THE movement looking to the colonization of Palestine by Jews of various countries has more to commend it than a sentiment, however laudable that may be. It is of no political importance whatsoever, but it is the outcome of the deliberate purpose of thoughtful men to provide a settlement for Jews, which shall be both sure of success and always under their watchful care and thus free from the many dangers which have made so many other experiments practically failures. This is the aim of the "Lovers of Zion" societies, of which there are so many flourishing in England, and of which we know so little in this country. Yet they can hardly be said to be either visionary or to involve their abettors in schemes of which they must be well ashamed if they pretend to be patriots. Lord Rothschild is one of the many notables in Victoria's realm who have taken the project under their wing with an enthusiasm which means all earnestness.
There is, of course, no little of the Jewish fondness for the land of their fathers in this undertaking, and perhaps not a few hope for a restoration of the glory of Jerusalem, as depicted by the prophets of the Bible, which will include, perhaps, the blood-sacrifices and the royal splendor of the Solomonic period. This is but natural; and the religious enthusiasm is shared by Christians and Mohammedans as well, though, of course, for somewhat different reasons. Still it must be said that of all countries in the world there is none in which so many people have so lively, so direct, an almost personal interest, for which they will, if need be, make sacrifices greater or less in degree. Herein lies the security of any local government which may be established on the historic soil; and from being the fighting pit of the nations of antiquity, it will have guaranteed it an independence which nineteenth century enlightenment and international jealousy will prompt. Thus the colonist will be spared the dangers of civil war and foreign invasion, or if the Turk remain in control, he will have the protection afforded by consuls on the spot.
The prospect of the establishment of a government which, following the prophecy of Isaiah, shall act as the arbiter among the nations, is not seriously considered by the largest number of those active in the movement.
Political hopes are given something far more tangible and practical at this juncture.
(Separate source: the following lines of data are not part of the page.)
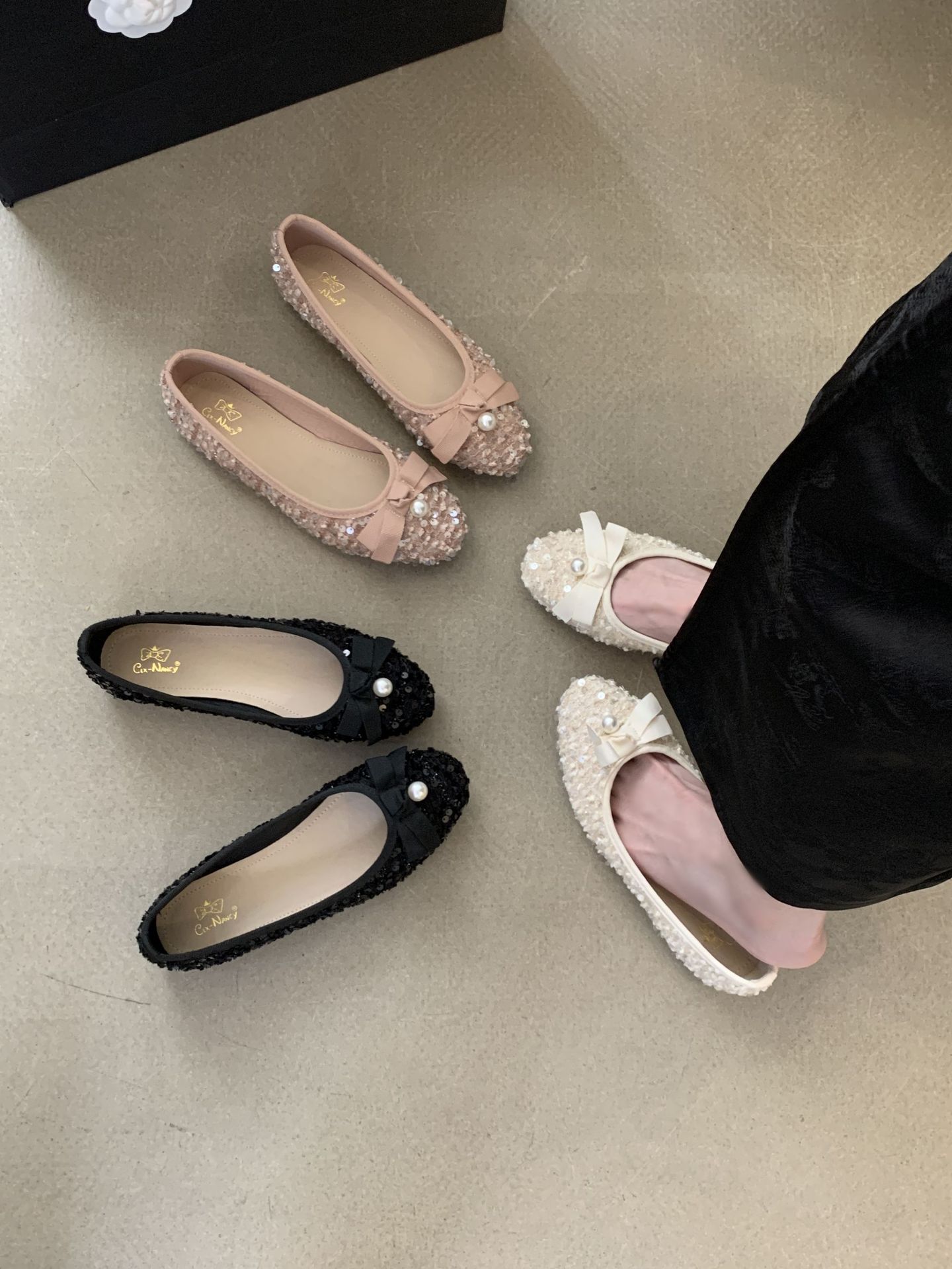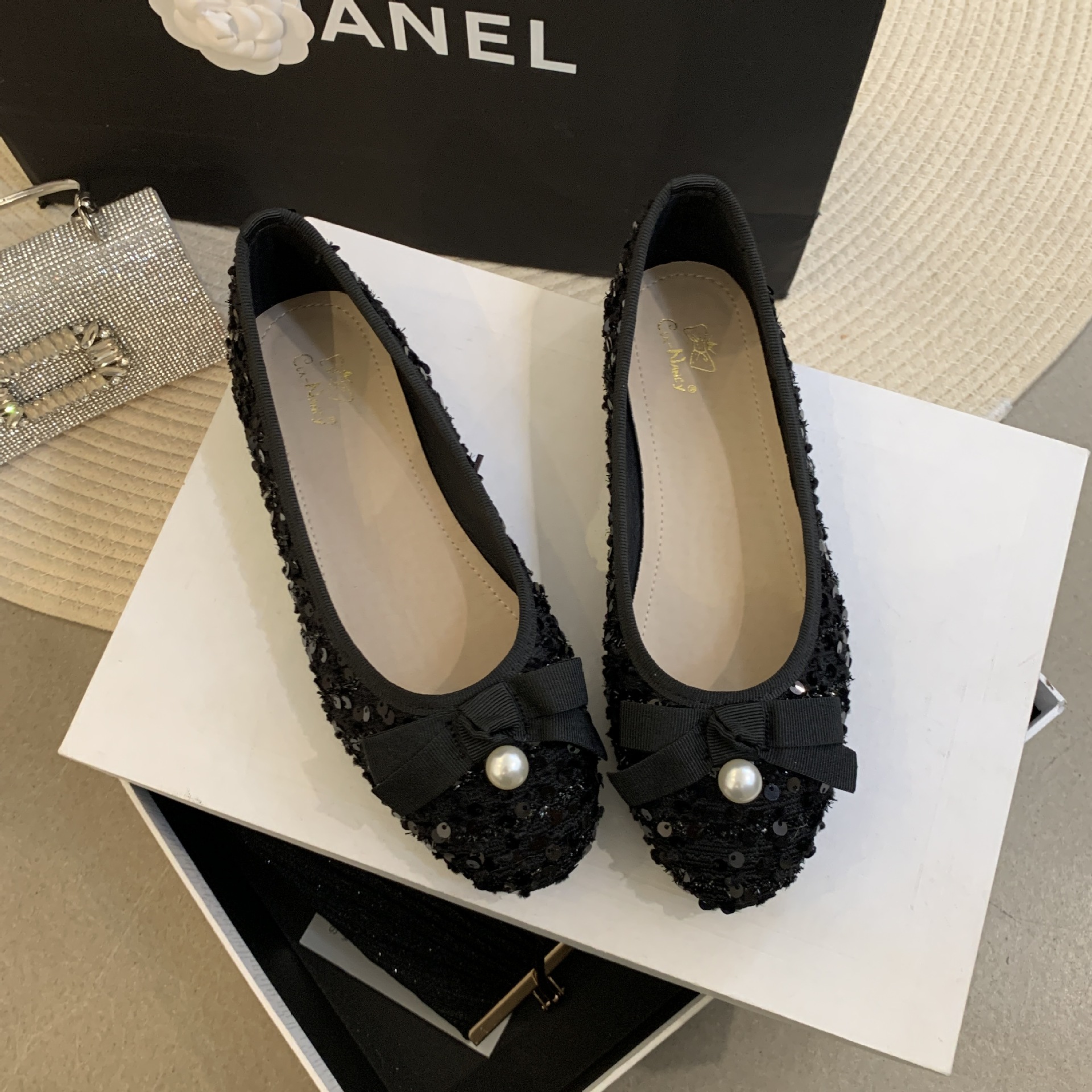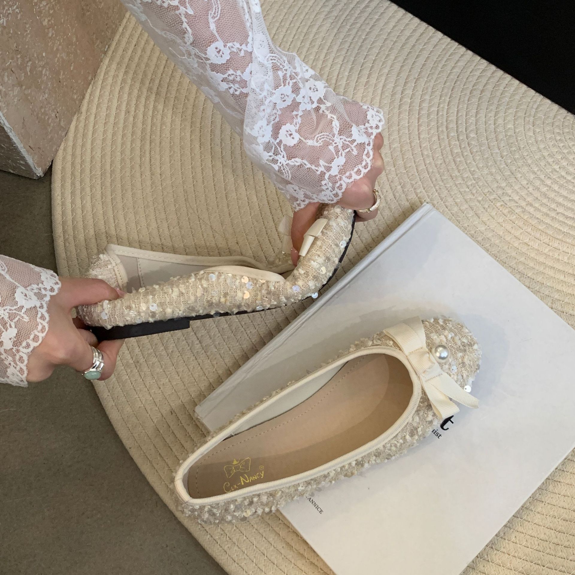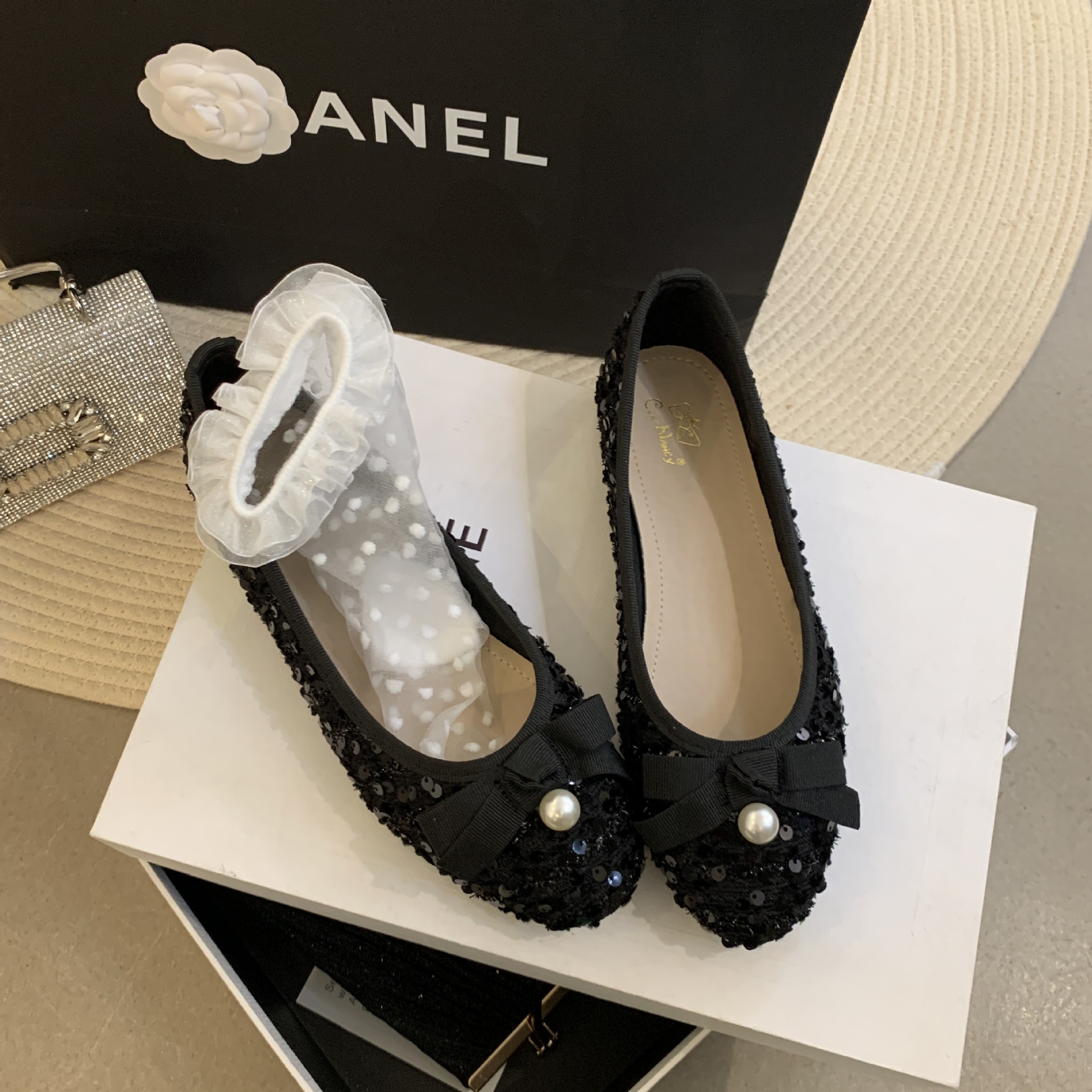 2024 가을과 겨울 새로운 활 라운드 머리 속편 샤넬 스타일 로우 입 올 매치 메리 제인 로우 힐 여성 플랫 신발
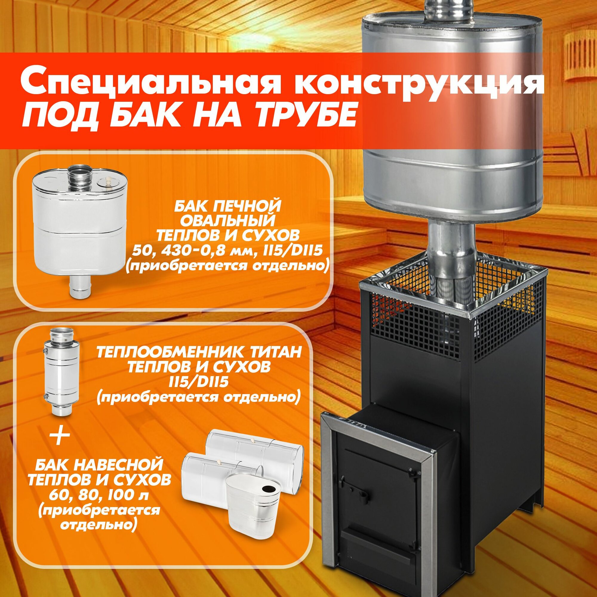 Радуга печь для бани ПБ-30Б (под навесной бак 45/55л) УК 8мм, банная печь дровяная с закрытой каменкой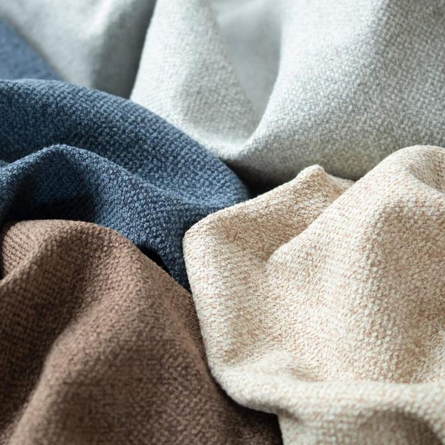 カバーはソファの生地のようなしっかりとしたファブリック生地です。心地の良いしなやかな肌触りで、季節問わずオールシーズン快適にお使いいただけます。また空間に馴染むよう、チャックはそれぞれの生地の色に合わせてつくられており、細部にまでこだわったデザインです。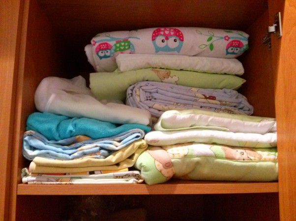... i mamy już kolejną półkę zapełnioną. Tym razem zakończyliśmy pranie i prasowanie pościeli, rożków, ochraniaczy itp. Z dnia na dzień jesteśmy coraz bliżej ukończenia przygotowań:)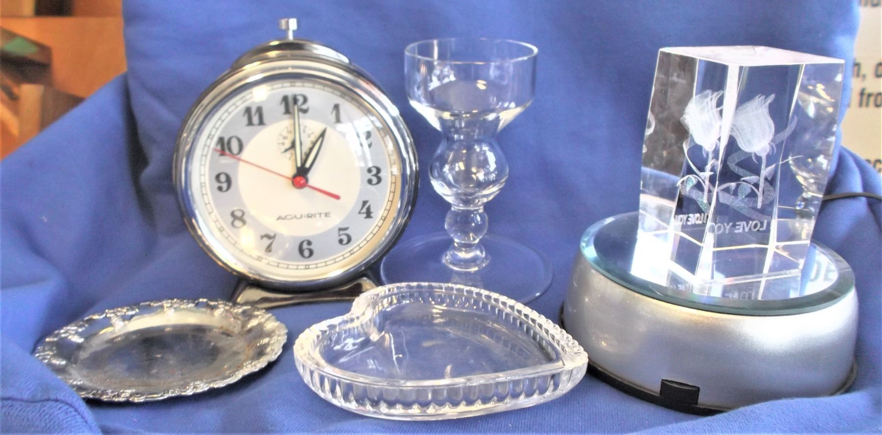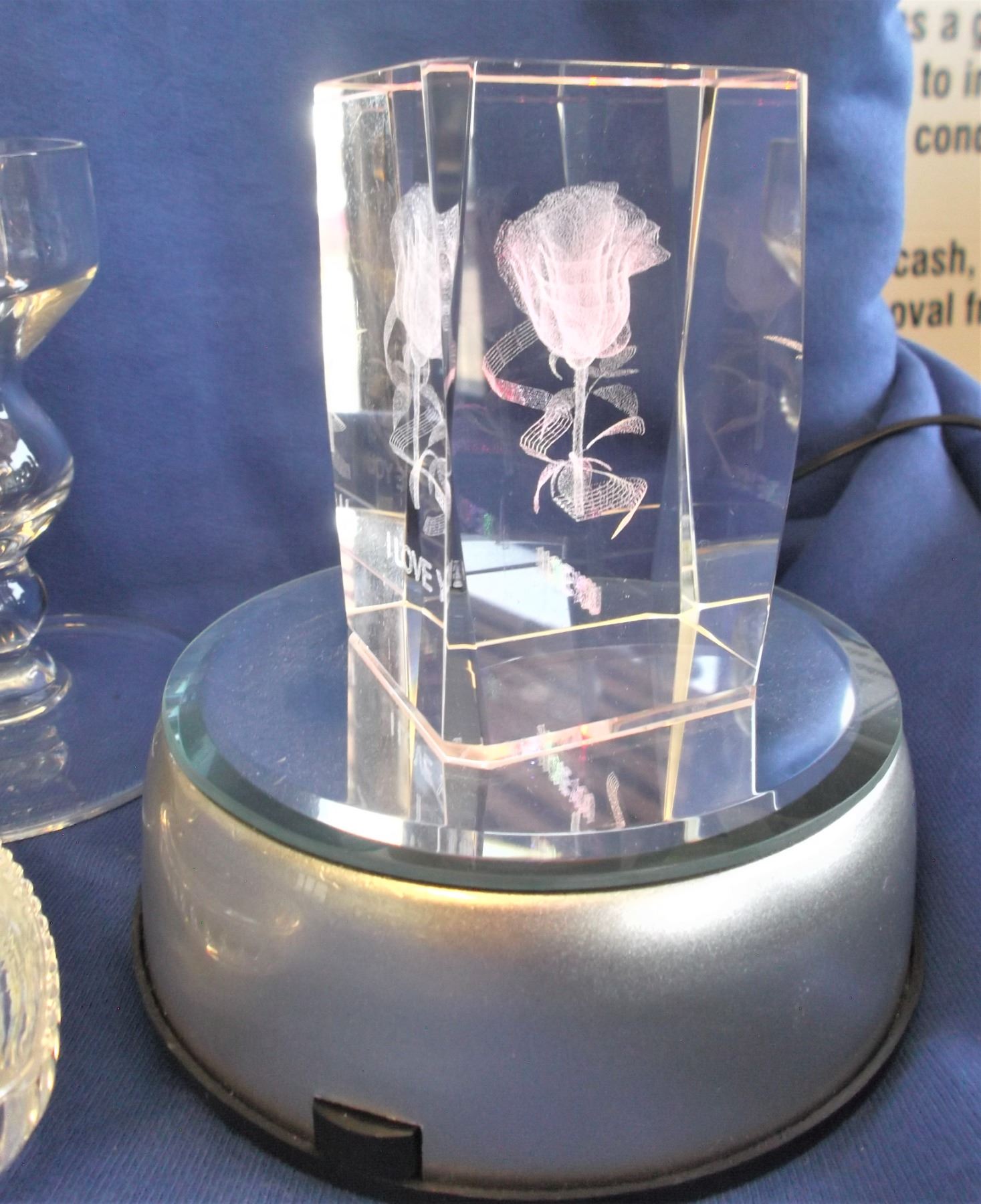 NOTE: The silver base for the glass ornament works, it lights up with a colour changed LED, slowly rotates the item, and when pressed plays "Jingle Bells"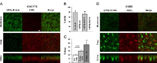 Fig. 4. Function and distribution of an inactive GPRx mutant, GPRx-R144A. A and D) Oocytes were injected with GPRx-R144A-GFP (10 ng RNA/cell) and KDEL-mCherry (20 ng RNA/cell) and imaged 48 h later. Representative images from the membrane plane, deep cytoplasmic focal plane and orthogonal sections through the entire z-stack of images are shown for an untreated oocyte (A) and a P4-treated oocyte that has matured past the GVBD stage (D). The scale bar is 2 μm. B) Rates of oocyte maturation in response to an overnight P4 incubation in control untreated oocytes (50 oocytes); and oocytes injected with RNA coding for GPRx-wt (60 oocytes), GPRx-R144A (67 oocytes) or GPRx-R144H (60 oocytes) (10 ng RNA/oocyte). Data are from 4 donor females. C) Percentage of intracellular GPRx-GFP (WT; 61 cells), GPRx-R144A-GFP before (R144A CON; 15 oocytes) and after P4treatment resulting in oocyte maturation (R144A+P4; 11 cells). All data are shown as means±s.e.m., âp<0.05, ââp<0.001, âââp<0.0001, ns, not significant, when compared to control or as indicated by the bar.
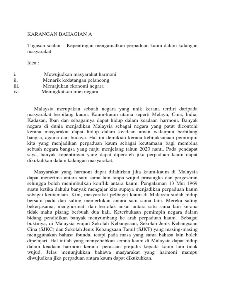 Kepentingan Mengamalkan Perpaduan Kaum Dalam Kalangan Masyarakat Contoh Karangan Spm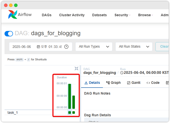 이번에는 각각의 DAG run 의 Detail 정보를 조회해보겠습니다.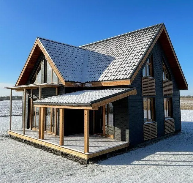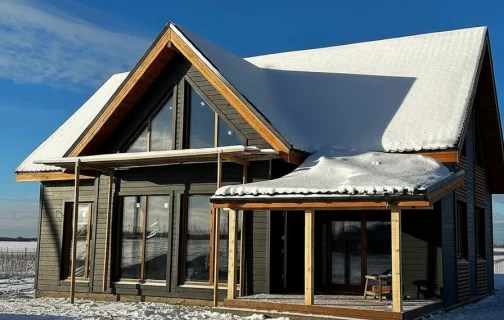 Дом строился всего 4 месяца. По запросу будущих владельцев перед возведением жилища мы изменили референсный проект — уменьшили площадь здания на 20 квадратных метров. Чертеж скорректировали бесплатно. Вы также можете выбрать проект из каталога, и мы внесем в него правки в соответствии с Вашими пожеланиями. Также поможем оформить оплату в комфортном для формате: ипотека, кредит, использование средств маткапитала.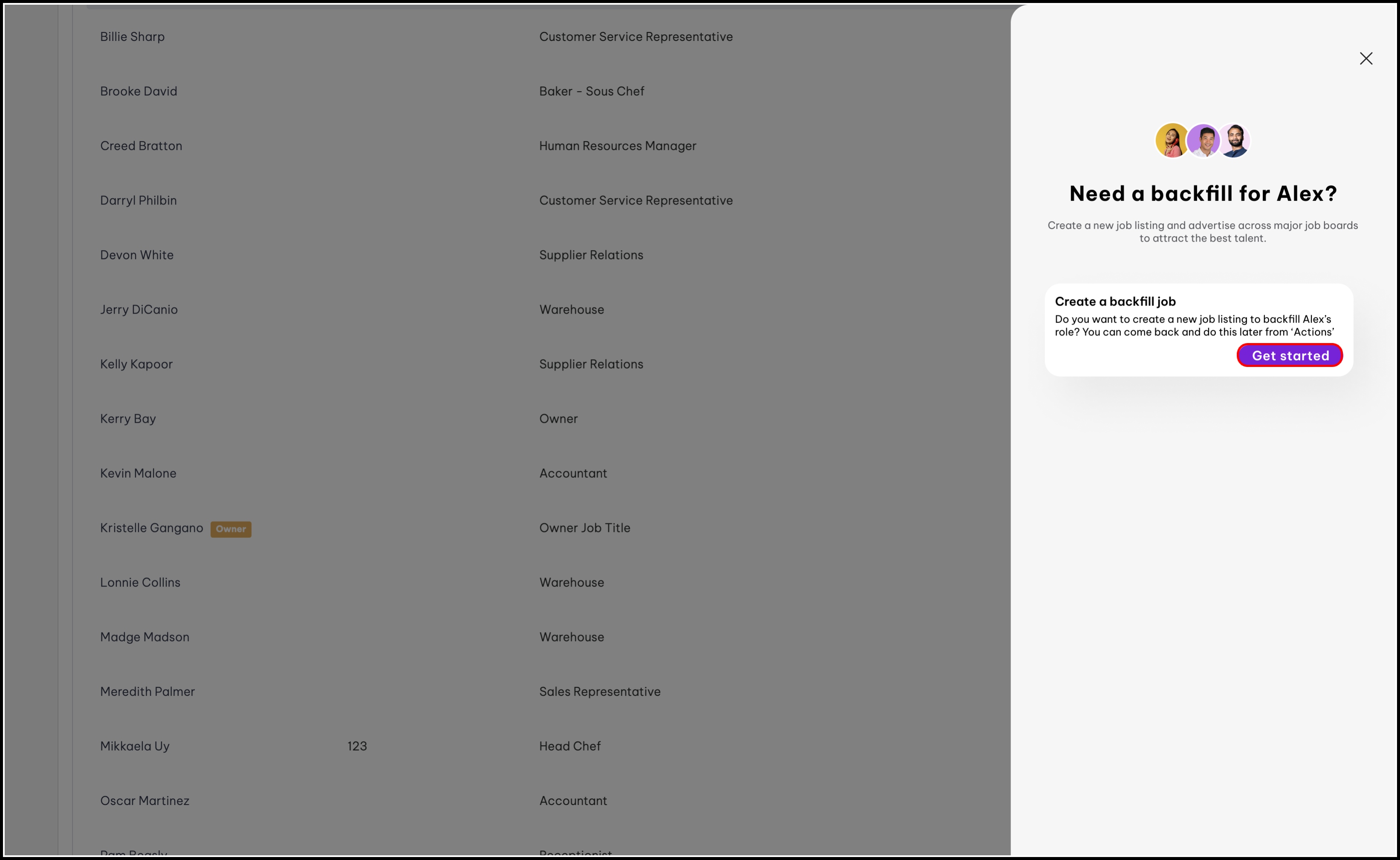 - If you choose not to create a backfill role advert when you are offboarding the employee, you can do this retroactively: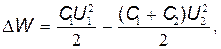 где С 1 и С 2 - электроемкости первого и второго конденсаторов; U 1- разность потенциалов, до которой был заряжен первый конденсатор; U 2 - разность потенциалов на зажимах батареи конденсаторов. Учитывая, что заряд после присоединения второго конденсатора остался прежним, выразим разность потенциалов U 2следующим образом:

Nor is the other beautiful idea held to of making Jerusalem's Temple the place of the assembly in which all peoples shall have their common ideal religion. As with Messianic ideas, which likewise it is urged must follow a miraculous interposition and a divine deliverance, this, too, is set aside for the more practical ideas of the colonists.
It has been demonstrated that the soil is sufficiently fertile to maintain colonists, and there is no doubt that the opening up of the railroads and steamships will furnish ample markets. The Jews from being the dromedaries of civilization will take the place of the Phoenicians of history and become the burden bearers of commerce in the same sense that the last great nation was. Not content with building up slowly for future use, some of the more enthusiastic are raising funds to return themselves, as soon as possible, to the Promised Land of milk and honey. They mean to put their theories to a severe test and by heroic measures.
It cannot be that the distance between the older citizens among American Jews and the new-comers is responsible for the lack of interest shown for what is really a big movement in the great cities of the country, for the Lovers of Zion have branches and are collecting money everywhere. The people here know little apparently of it, however, and their indifference takes the form of contempt, and then ofttimes a little side light makes them mistrust it because it is either an attempt, so they say, to compromise them into swearing allegiance to two flags or is visionary and opposed to their doctrinal views or Messianic hopes. The flag of Judah is not to be flung to the breeze shortly, but whereas it has cost tens of thousands of dollars to experiment in the United States and in Argentine, with the result still in doubt, it is hoped to carry successful farming in the sacred land to its furthest point, the Jews can find no safer, no better haven anywhere on the globe. The members of the colonization society do not want the Jews of the world to go en masse, but they would go in small companies themselves. This is an earnest of good faith, and if assistance is needed when the aims and purposes are well understood, money to aid them will be forthcoming. --Jewish Exponent.